> [Problem]:
Using the records that appear below, write out exactly the lines from the one with "Vendo scrivania in" through the one with "木部には使用感が見られ、また", keeping both end lines.
● ● ● ● ● ● ●
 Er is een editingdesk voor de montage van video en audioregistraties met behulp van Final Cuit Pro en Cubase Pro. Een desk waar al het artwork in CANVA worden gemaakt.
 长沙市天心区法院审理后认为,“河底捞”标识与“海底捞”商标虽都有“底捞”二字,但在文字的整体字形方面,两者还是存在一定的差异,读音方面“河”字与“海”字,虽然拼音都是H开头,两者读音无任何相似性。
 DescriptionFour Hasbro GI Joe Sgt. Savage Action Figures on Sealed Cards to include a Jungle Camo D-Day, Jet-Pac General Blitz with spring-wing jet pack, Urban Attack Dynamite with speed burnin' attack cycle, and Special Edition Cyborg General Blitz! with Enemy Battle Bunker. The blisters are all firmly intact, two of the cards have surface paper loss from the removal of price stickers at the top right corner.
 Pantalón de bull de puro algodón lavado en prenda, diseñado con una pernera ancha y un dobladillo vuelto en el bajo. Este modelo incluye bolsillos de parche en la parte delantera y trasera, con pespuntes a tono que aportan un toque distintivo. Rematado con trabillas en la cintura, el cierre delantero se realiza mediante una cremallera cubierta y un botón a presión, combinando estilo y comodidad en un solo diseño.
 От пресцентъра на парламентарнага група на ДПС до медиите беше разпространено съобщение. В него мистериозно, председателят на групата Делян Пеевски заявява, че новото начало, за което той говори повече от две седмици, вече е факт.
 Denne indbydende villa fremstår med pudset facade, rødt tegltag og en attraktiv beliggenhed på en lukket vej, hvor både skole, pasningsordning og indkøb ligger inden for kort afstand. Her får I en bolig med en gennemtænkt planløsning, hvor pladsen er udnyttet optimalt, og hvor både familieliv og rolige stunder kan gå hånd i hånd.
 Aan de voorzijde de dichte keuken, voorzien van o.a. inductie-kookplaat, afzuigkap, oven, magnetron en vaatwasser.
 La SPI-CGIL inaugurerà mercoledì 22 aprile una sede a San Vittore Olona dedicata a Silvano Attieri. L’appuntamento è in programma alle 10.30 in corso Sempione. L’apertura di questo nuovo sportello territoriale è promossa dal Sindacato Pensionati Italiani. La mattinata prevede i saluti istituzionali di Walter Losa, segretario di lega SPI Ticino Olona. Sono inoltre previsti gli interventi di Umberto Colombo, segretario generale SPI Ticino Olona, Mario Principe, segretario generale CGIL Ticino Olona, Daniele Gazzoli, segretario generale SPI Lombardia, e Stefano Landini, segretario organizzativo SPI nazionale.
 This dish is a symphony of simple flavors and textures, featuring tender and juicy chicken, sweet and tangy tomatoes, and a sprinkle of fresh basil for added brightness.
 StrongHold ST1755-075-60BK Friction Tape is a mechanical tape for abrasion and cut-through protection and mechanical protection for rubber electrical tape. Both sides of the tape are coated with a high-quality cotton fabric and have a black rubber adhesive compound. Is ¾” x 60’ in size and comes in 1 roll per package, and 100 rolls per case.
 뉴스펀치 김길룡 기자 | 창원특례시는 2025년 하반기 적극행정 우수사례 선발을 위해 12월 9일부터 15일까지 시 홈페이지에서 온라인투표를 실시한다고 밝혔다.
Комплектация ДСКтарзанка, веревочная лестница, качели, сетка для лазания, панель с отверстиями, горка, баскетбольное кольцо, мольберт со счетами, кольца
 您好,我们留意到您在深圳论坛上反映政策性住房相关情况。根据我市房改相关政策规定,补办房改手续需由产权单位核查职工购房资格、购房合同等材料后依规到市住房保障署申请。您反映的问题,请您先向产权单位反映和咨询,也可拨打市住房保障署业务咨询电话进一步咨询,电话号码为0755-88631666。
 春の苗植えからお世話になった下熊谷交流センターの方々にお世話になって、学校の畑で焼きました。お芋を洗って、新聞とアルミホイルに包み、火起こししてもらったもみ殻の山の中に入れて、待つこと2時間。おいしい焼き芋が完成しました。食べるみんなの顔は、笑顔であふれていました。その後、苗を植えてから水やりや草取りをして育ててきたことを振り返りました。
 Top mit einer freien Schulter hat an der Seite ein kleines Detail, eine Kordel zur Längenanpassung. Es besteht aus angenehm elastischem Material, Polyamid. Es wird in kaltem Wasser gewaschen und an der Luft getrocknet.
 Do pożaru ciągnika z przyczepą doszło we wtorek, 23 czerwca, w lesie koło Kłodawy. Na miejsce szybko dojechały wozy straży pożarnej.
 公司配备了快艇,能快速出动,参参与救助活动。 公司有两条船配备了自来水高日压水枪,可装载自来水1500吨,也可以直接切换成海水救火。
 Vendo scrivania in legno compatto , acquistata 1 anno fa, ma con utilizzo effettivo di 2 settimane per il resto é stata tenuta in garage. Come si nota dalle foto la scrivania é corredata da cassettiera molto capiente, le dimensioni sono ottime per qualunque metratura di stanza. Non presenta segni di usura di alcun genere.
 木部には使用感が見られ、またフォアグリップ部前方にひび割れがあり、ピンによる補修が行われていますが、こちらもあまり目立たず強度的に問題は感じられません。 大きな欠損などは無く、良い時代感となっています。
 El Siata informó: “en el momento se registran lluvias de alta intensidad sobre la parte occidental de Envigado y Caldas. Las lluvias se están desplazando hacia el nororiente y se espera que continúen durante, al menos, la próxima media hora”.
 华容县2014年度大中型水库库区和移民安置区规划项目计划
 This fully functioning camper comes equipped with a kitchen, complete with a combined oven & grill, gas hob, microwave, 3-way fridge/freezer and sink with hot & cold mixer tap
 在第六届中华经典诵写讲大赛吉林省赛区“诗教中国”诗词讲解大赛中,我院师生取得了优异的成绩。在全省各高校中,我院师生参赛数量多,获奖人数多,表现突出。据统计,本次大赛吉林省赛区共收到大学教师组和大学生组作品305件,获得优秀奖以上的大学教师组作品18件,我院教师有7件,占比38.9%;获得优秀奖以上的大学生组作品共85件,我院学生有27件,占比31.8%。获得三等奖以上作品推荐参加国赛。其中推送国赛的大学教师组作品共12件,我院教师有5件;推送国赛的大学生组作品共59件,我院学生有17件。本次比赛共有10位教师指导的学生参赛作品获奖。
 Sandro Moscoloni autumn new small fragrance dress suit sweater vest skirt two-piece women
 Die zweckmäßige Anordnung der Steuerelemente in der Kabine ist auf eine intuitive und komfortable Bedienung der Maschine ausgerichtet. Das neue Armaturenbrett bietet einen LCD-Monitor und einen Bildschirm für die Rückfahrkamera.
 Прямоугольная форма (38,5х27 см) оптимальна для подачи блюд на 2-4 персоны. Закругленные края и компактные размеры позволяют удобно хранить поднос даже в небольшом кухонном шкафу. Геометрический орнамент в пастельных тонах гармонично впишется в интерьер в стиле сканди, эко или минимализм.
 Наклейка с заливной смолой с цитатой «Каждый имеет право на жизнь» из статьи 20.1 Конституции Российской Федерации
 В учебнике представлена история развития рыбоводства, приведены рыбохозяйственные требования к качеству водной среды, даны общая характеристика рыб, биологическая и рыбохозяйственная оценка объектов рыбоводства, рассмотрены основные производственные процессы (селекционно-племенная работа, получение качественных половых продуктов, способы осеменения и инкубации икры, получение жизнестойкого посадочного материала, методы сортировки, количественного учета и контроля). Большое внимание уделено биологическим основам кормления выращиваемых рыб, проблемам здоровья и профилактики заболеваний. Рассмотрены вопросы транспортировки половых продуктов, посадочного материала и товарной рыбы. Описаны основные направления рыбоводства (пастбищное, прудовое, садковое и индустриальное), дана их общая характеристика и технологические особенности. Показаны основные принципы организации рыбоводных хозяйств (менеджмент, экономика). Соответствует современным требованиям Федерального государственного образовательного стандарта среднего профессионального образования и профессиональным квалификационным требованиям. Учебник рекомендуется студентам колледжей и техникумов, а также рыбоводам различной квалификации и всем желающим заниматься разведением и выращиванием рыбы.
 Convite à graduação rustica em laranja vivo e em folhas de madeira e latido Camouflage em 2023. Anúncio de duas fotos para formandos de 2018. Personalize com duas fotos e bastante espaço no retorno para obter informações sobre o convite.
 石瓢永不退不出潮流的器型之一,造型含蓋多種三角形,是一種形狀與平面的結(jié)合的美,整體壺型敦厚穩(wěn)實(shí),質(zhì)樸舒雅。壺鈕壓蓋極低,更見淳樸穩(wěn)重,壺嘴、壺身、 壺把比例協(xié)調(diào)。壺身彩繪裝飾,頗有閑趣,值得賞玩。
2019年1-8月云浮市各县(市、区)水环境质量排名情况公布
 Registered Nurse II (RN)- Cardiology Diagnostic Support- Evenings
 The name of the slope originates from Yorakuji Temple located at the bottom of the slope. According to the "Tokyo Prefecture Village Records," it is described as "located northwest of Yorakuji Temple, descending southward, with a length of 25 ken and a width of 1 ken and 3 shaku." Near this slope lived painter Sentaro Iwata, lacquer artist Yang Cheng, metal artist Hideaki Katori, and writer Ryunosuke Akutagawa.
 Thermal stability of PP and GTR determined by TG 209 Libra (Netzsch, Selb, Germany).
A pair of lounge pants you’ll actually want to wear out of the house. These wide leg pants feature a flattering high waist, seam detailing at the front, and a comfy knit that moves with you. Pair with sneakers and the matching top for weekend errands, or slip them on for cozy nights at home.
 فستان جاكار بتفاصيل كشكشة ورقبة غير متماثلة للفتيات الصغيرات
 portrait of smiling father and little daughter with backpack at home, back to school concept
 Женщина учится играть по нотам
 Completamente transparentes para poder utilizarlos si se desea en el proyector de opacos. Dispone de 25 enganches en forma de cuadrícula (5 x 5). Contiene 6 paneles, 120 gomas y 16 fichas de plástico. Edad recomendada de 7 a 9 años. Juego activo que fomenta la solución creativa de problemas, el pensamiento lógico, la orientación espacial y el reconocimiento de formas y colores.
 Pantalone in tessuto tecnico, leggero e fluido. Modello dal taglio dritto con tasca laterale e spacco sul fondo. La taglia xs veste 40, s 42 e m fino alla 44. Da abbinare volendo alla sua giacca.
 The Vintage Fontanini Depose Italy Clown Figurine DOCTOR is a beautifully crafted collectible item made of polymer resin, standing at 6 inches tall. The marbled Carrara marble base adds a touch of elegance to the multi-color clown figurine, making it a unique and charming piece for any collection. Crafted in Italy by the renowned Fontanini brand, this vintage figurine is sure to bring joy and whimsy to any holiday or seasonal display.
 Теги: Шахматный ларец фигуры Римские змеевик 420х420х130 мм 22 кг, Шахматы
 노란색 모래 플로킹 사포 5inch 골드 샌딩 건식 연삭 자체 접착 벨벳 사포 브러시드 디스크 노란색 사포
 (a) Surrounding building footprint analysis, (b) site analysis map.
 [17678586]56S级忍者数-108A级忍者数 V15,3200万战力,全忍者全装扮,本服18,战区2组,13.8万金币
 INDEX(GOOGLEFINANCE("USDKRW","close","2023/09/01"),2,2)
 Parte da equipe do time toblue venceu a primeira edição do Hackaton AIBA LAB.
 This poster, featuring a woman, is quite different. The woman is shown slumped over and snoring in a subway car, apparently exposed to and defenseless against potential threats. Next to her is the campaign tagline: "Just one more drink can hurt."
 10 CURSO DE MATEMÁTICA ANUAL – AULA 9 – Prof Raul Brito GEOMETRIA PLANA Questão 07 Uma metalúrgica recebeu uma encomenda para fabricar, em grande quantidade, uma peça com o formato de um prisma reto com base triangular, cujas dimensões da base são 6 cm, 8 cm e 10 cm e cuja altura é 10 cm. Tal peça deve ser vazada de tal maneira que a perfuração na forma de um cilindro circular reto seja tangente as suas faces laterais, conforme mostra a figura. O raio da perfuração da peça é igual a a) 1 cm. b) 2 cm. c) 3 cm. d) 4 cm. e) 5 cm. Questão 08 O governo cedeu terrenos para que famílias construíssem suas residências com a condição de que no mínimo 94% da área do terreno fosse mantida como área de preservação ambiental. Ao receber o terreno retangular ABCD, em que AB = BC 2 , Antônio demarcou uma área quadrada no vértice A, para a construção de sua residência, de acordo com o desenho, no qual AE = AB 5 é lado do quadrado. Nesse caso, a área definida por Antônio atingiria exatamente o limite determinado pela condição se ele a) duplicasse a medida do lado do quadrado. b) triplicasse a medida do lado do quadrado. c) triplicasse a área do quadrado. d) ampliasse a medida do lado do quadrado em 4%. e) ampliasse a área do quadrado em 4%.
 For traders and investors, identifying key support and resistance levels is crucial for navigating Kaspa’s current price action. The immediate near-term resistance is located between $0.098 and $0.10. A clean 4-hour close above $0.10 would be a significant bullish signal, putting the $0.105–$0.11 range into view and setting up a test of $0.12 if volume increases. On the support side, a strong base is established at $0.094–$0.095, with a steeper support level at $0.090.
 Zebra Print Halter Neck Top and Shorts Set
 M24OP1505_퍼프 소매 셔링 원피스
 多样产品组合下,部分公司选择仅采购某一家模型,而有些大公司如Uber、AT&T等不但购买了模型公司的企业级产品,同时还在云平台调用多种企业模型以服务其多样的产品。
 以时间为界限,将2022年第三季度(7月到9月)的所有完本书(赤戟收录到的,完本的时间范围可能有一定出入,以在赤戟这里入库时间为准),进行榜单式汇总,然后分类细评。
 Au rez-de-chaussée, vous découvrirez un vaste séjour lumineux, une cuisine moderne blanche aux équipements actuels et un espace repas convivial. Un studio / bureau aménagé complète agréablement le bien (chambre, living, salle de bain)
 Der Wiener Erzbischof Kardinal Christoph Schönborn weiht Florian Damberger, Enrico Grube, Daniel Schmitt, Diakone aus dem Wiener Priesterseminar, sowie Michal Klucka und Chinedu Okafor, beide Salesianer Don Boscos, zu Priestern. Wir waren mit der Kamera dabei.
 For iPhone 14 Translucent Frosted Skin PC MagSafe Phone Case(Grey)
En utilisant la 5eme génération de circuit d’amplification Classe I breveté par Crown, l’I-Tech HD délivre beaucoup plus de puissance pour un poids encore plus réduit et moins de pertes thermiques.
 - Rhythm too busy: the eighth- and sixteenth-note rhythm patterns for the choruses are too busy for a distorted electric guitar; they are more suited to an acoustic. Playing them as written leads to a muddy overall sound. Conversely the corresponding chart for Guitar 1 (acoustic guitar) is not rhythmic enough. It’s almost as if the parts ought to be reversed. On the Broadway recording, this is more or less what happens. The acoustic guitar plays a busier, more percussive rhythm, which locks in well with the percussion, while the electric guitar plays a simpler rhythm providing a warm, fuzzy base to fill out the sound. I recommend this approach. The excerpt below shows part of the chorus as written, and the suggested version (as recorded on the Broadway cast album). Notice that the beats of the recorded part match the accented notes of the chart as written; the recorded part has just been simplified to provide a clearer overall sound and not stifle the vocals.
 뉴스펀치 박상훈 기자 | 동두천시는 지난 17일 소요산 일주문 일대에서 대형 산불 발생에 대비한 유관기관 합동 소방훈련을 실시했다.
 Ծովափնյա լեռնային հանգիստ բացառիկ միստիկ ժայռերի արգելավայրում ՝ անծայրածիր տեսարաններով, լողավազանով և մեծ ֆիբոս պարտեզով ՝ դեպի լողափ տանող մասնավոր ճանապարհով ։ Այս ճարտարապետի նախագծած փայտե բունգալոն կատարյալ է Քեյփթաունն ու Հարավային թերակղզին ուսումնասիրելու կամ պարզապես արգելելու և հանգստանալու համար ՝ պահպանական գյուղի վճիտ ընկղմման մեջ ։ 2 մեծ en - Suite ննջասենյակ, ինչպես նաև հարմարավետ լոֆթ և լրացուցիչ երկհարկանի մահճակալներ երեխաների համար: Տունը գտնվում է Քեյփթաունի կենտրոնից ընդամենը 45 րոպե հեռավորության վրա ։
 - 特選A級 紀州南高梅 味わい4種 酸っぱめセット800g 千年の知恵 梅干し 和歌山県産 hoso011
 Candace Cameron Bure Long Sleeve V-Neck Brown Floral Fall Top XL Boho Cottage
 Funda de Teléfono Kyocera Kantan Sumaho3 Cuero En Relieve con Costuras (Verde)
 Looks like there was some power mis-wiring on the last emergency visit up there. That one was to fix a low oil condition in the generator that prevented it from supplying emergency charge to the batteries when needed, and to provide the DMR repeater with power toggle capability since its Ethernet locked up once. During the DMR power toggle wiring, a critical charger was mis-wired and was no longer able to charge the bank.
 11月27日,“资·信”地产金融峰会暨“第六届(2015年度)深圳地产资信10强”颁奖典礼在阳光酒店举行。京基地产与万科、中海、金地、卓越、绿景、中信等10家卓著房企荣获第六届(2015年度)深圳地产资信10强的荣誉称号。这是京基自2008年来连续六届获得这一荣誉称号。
● ● ● ● ● ● ●
> [Response for this exercise]:
 Vendo scrivania in legno compatto , acquistata 1 anno fa, ma con utilizzo effettivo di 2 settimane per il resto é stata tenuta in garage. Come si nota dalle foto la scrivania é corredata da cassettiera molto capiente, le dimensioni sono ottime per qualunque metratura di stanza. Non presenta segni di usura di alcun genere.
 木部には使用感が見られ、またフォアグリップ部前方にひび割れがあり、ピンによる補修が行われていますが、こちらもあまり目立たず強度的に問題は感じられません。 大きな欠損などは無く、良い時代感となっています。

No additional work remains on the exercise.